• [TASK BRIEF] Give again, word for word, every line in the entries below from the line with "广东茂名陈村渔港退潮后,人们从四面八方赶过来,滩涂变得非常热闹。南方+记者 张鹏飞 摄" up to and including the line with "A classic staple", and no other line.

• [EXERCISE DATA]
-.-.-
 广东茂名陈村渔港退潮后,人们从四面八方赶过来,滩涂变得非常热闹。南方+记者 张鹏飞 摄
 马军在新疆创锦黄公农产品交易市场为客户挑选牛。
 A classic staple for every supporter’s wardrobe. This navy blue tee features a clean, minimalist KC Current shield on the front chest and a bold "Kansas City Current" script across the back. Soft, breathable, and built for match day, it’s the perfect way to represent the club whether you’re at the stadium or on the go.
-.-.-
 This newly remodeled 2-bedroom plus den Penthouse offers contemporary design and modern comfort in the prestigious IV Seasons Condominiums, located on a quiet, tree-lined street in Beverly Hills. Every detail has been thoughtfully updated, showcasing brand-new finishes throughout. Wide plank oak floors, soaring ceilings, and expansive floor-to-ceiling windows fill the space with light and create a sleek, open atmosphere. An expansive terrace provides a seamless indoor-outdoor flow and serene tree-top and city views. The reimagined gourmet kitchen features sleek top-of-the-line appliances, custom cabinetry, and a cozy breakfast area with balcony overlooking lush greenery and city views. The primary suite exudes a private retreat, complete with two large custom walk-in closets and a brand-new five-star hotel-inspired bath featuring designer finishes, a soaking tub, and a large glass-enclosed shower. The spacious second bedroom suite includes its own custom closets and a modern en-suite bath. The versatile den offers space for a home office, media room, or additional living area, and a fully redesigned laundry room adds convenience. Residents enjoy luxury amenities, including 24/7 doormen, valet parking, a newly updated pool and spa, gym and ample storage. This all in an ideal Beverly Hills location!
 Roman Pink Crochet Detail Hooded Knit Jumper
-.-.-
• [SOLUTION FOR THIS TASK]
 广东茂名陈村渔港退潮后,人们从四面八方赶过来,滩涂变得非常热闹。南方+记者 张鹏飞 摄
 马军在新疆创锦黄公农产品交易市场为客户挑选牛。
 A classic staple for every supporter’s wardrobe. This navy blue tee features a clean, minimalist KC Current shield on the front chest and a bold "Kansas City Current" script across the back. Soft, breathable, and built for match day, it’s the perfect way to represent the club whether you’re at the stadium or on the go.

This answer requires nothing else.